FIG. 3 shows a characteristic curve of a tensile stress ratio with respect to a change in temperature obtained in the embodiment of the present invention, and a characteristic of a reaction force ratio with respect to a change in temperature obtained in a conventional example using a model of a fender. It is a graph which shows a curve.

FIG. 4 is a graph showing a characteristic curve of a tensile stress ratio with respect to a change in tensile speed obtained in an example of the present invention and a characteristic curve of a reaction force ratio with respect to a change in compression speed obtained in the conventional example. It is.

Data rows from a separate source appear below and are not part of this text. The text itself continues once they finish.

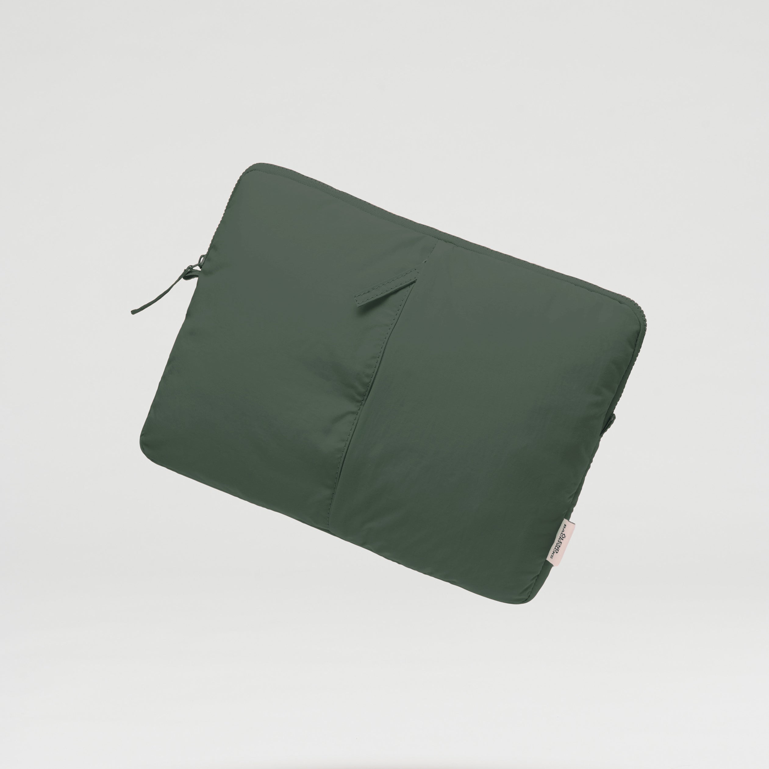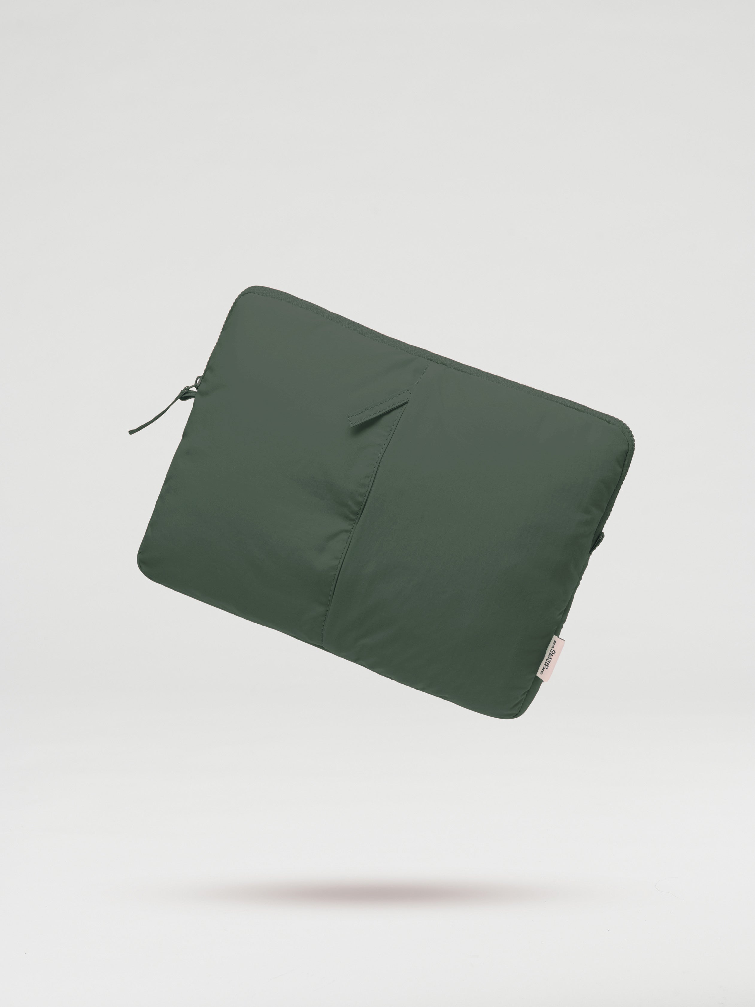 Soft and padded laptop cover with a front zippered pocket.
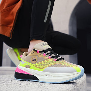 A charged palette of Black, White, Brown/Pink, and a bold slash of Yellow radiates pure kinetic energy. The colorblock detailing injects standout flair while balancing urban edge with sporty sophistication.
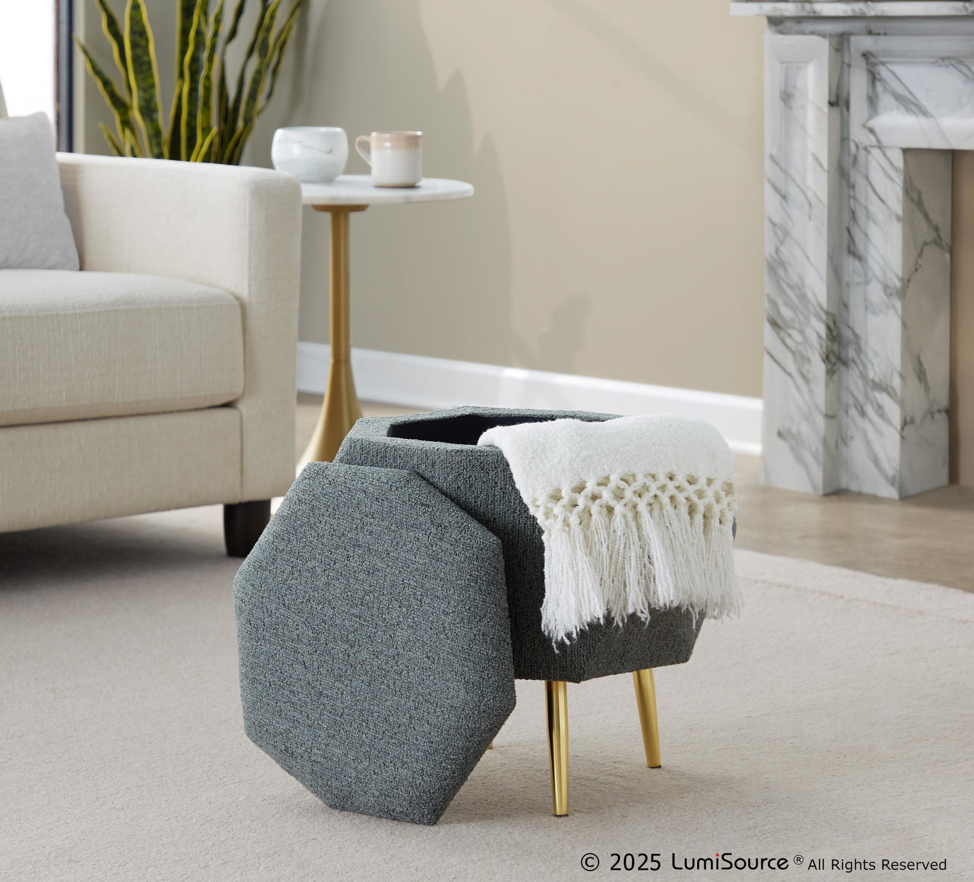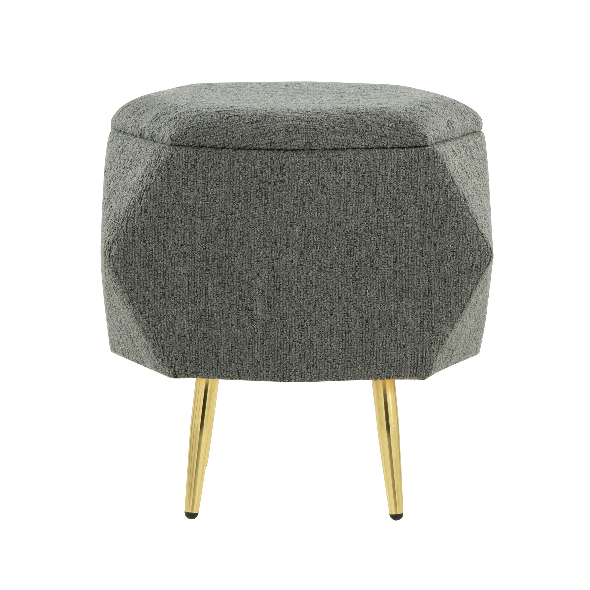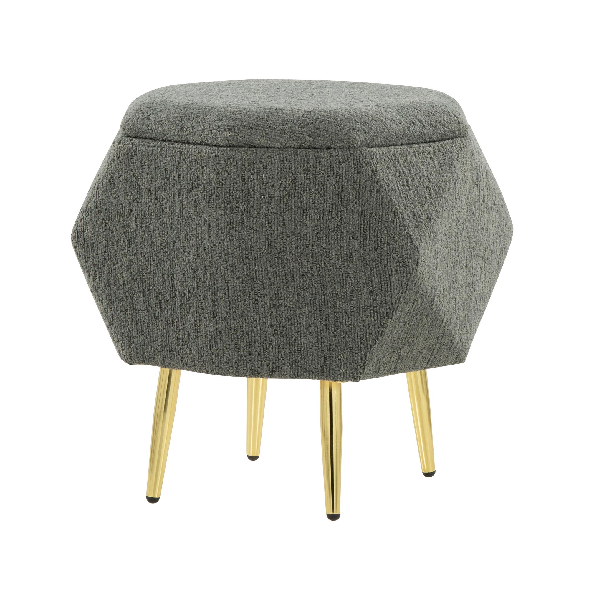 Elevate your décor with the Diamond Ottoman by LumiSource, featuring elegant gold metal legs and a striking diamond-shaped design for a modern, upscale look. Upholstered in soft fabric, it seamlessly combines form and functionality with a removable top providing storage space inside. Both practical and eye-catching, it’s a versatile addition to any living space.
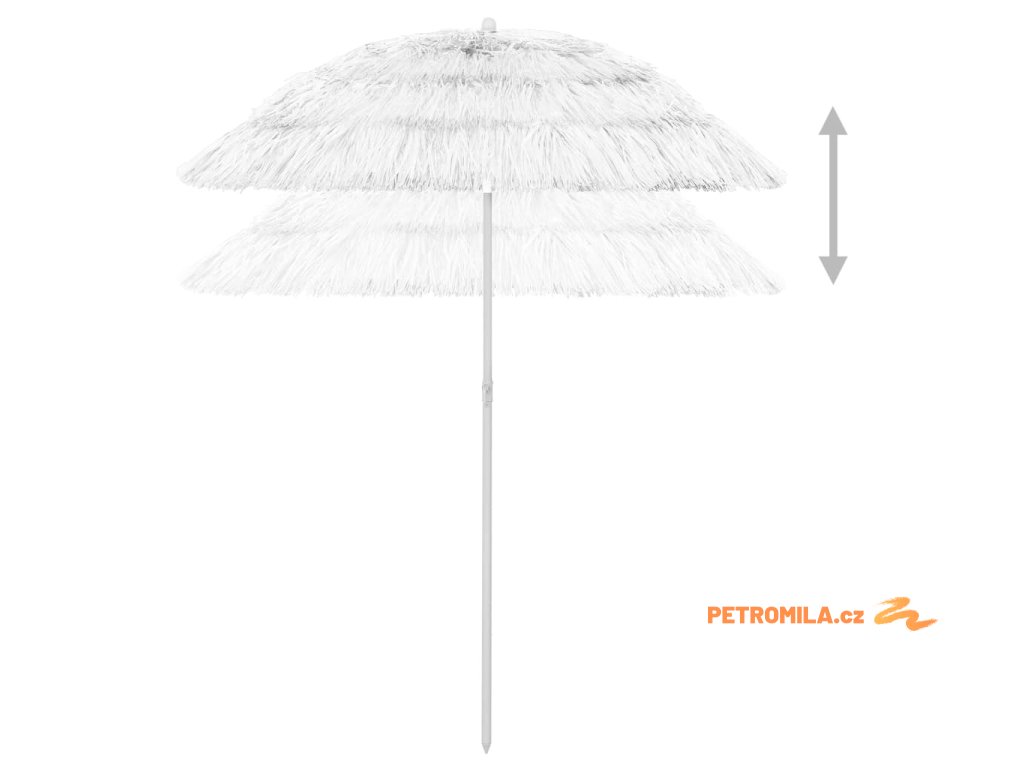 Plážový slunečník Hawaii je vyrobený z polyesteru, který nebledne a dobře odolává UV záření, je tudíž ideální pro blokování škodlivých UV paprsků.
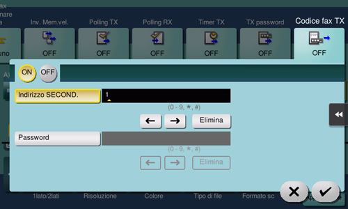 La TX riservata e la Distribuzione relè sono disponibili se una macchina remota supporta le comunicazioni Codice F.
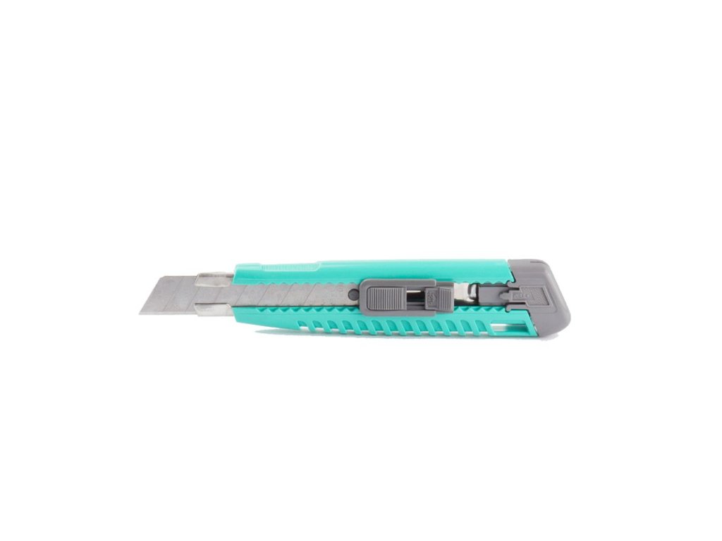 SPECIFIKACEBřit: japonská ocelRukojeť: plastVedení: kovovéOdlamovací břit: 18 mmNáhradní břity: 107026,102360,107004,107005,107100Aretace: tlačítkem
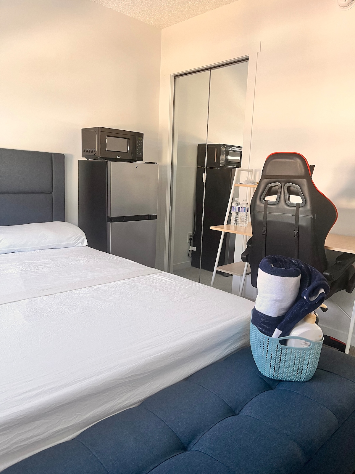 Dette unike loftet ligger i hjertet av Edmonton sentrum, i nærheten av Rogers Place, Grant MacEwan, UofA, River Valley, bondemarked, LRT og restauranter i massevis. Loftet har et åpent konsept med høyt tak, buet arkitektonisk design som gir deg den perfekte utsikten over sentrum. Tilpasset kjøkken, badstue, treningsrom, A/C, spa-lignende bad med walk-in-dusj og badekar. Ytterligere elementer inkluderer en kingsize- og queensize-seng, vaskerom i suiten, undergrunnsparkering (små biler og SUV-er), kaffemaskin, peis osv.
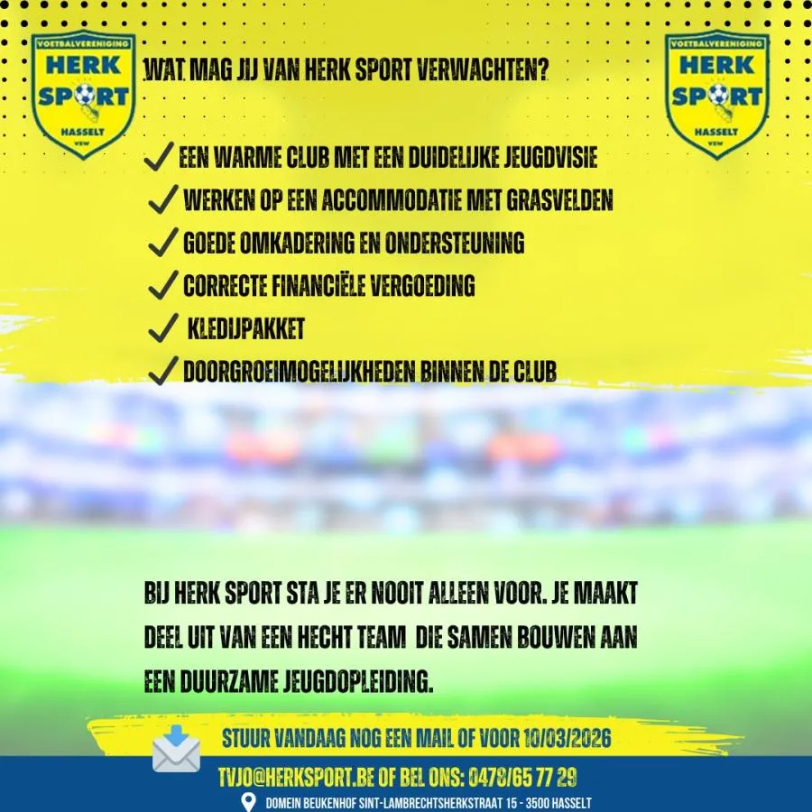 Stuur ons gerust een bericht via jc@herksport.be voor meer info of om vragen te stellen.
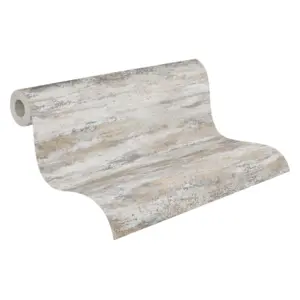 A.S. Création Vliestapete 390415 – Stilvolle Putzoptik in Creme, Grau und Gold
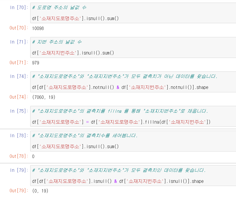 79번 셀은 '소재지도로명주소' 와 '소재지지번주소' 둘 다 결측치인 데이터가 몇 개인지를 구하는 코드입니다.
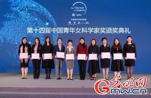 光明网北京1月12日电(记者 李政葳)由全国妇联、中国科学技术协会、中国联合国教科文组织全国委员会、欧莱雅中国共同举办的第十四届“中国青年女科学家奖”颁奖典礼12日在京举行,10位年轻女科技工作者获得“中国青年女科学家”荣誉称号。
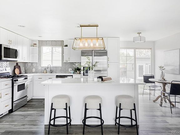 This thoughtfully updated 2 bed, 1 bath home lives like a 3-bedroom, thanks to a fully finished backyard studio with heating and cooling—ideal for a home office, gym, or creative retreat. Inside, the kitchen shines with sleek quartz countertops, a functional island with bar seating, and a modern layout that flows beautifully. The front yard is professionally landscaped with mature perennials, while a charming covered porch welcomes you home. Out back, a spacious deck offers the perfect setup for relaxing or entertaining. A one-car detached garage, front carport, and driveway provide plenty of parking and flexibility—use the garage as a workshop or gear shed if desired. Centrally located with quick access to I-70 and I-25, and just minutes from the shops, restaurants, and energy of Sunnyside.
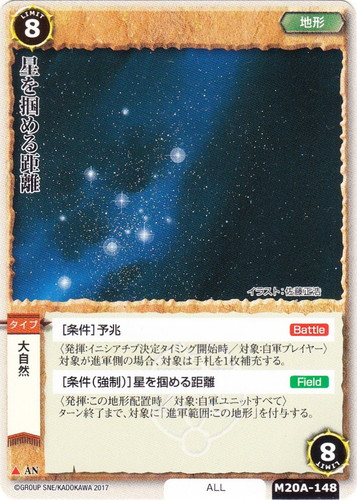 ![]() ![]() | M20A-148 星を掴める距離 地形 太陽の金の竜姫 ▲ ブロック:AN リミット:8 勢力:ALL タイプ:大自然 [条件]予兆【Battle】 〈発揮:イニシアチブ決定タイミング開始時/対象:自軍プレイヤー〉 対象が進軍側の場合、対象は手札を1枚補充する。 [条件(強制)]星を掴める距離【Battle】 〈発揮:この地形配置時/対象:自軍ユニットすべて〉 ターん終了まで、対象に「進軍範囲:この地形」を付与する。 illustrated by 佐藤正浩 |
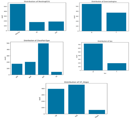 On the other hand, the dataset includes several categorical variables (Figure 1) that provide clinically relevant information for cardiovascular disease prediction. Regarding five distribution, the cohort is predominantly male, with 725 men (79.0%) and 193 women (21.0%), indicating a significant sex imbalance. The variable ChestPainType shows that the most frequent type is asymptomatic pain (ASY), affecting over half of population, followed by non-anginal pain (NAP) and atypical angina (ATA). Typical angina (TA) is rare, reported in less than 50 cases. This suggests that most patients do not exhibit classic symptoms, reinforcing the need for predictive models that go beyond symptom-based diagnosis.
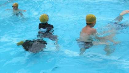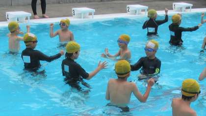 プールの学習は2日目。水慣れでは、ペアでジャンケンをし、負けた人は勝った人の股を潜ってくぐりました。
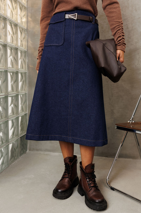 Юбка А-образного силуэта из плотного джинса. Передняя часть юбки со средним швом. С правой стороны вверху настрочен карман с клапаном- шлевкой. Задняя часть юбки со средним швом и вытачками. Сверху в среднем шве обработана потайная молния. Вдоль линии пояса настрочены шлевки. Пояс цельнокроеный на обтачке. Юбка на подкладке.  Вдоль среднего шва по переду и по периметру кармана проложена декоративная строчка. К юбке прилагается сьемный ремень. Фурнитура может быть изменена с охранением художественного замысла. Длина юбки - 78 см,  длина рукава - 60 см.
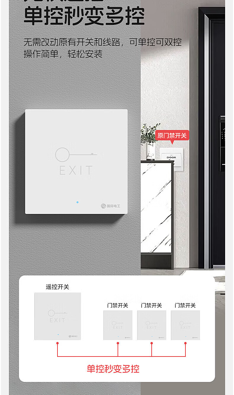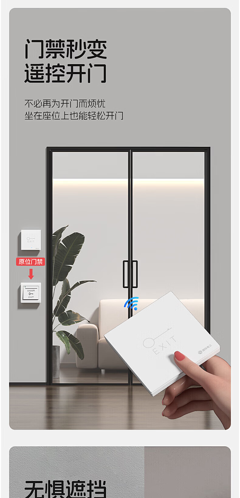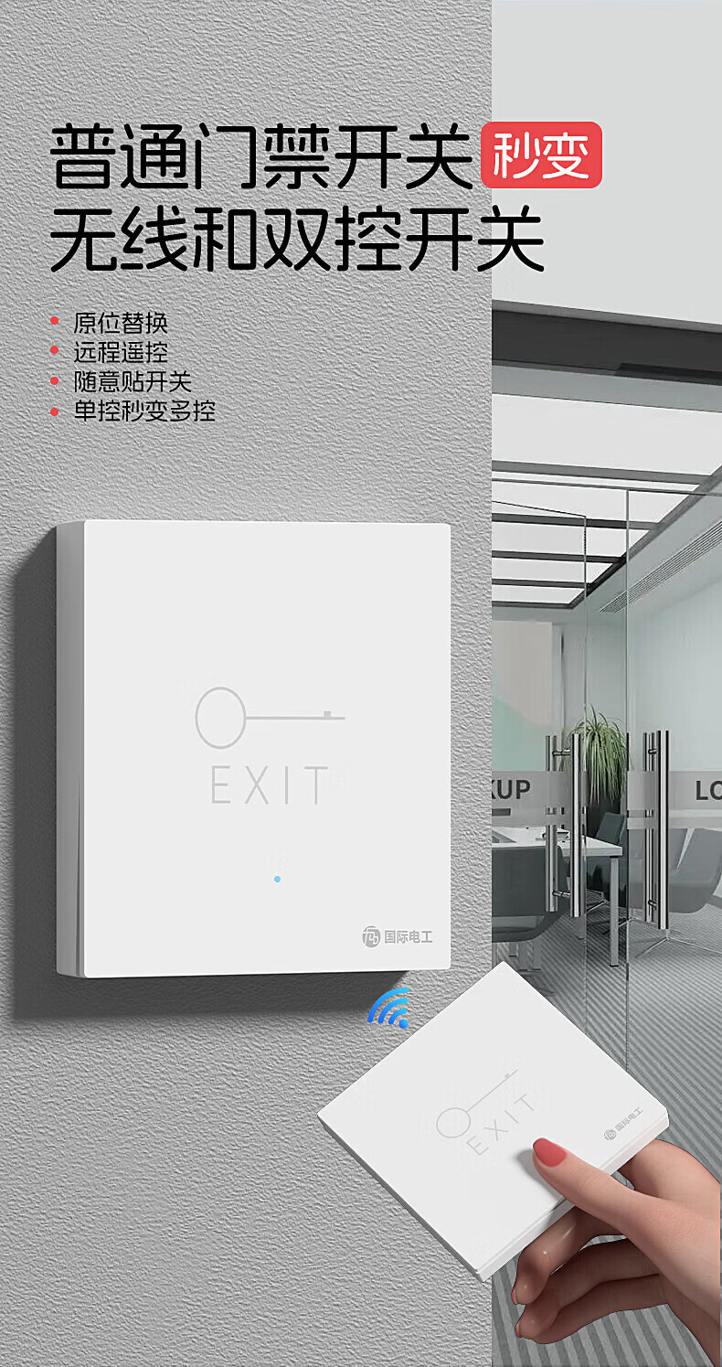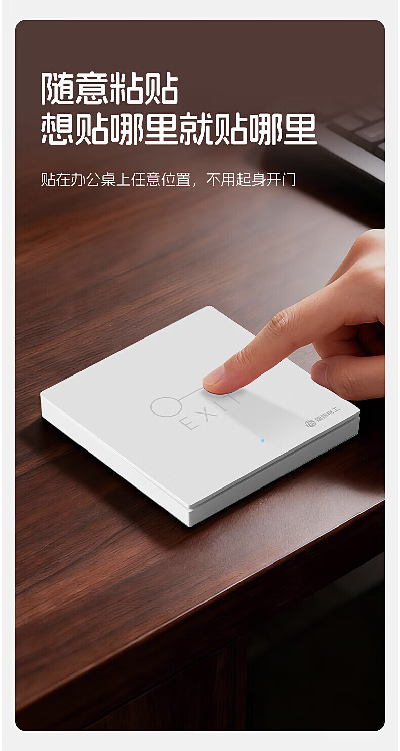 国际电工(FDD)无线遥控门禁开关面板办公室免布线开门按钮小区进出暗装随意贴 白色门禁开关套装【暗装】
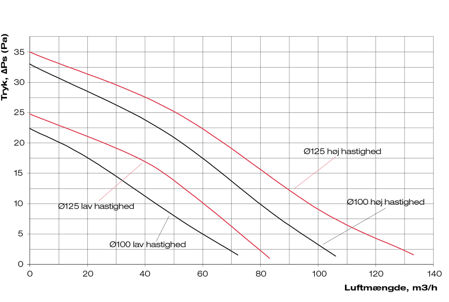 Ventilatoren kan tilsluttes både Ø100 mm og Ø125 mm kanaler.

FIG. 5 is a diagram showing an example of a conventional method for measuring reaction force characteristics using a model of a fender.

[Explanation of symbols]

 1 Test pieces 21, 22 Tensile members

Claims (3)

[Claims] The characteristics of a fender made of an elastic material with respect to a change in a specific condition of a reaction force at the time of compression are measured by using a ring-shaped test piece made of the same elastic material between a pair of tension members. A characteristic test method for a fender, characterized in that the characteristic is determined from a characteristic curve of a tensile stress with respect to a change in the same or similar test conditions as described above when a tensile test is carried out in a state where the fender is stretched. 2. The fender according to claim 1, wherein the characteristic of the reaction force of the fender against the temperature change is determined from the characteristic curve of the tensile stress with respect to the temperature change in the tensile test of the ring-shaped test piece. Material property test method. 3. The method according to claim 1, wherein the characteristic of the reaction force of the fender against the change of the compression speed is determined from the characteristic curve of the tensile stress of the ring-shaped test piece with respect to the change of the tensile speed during the tensile test. Test method for fender characteristics.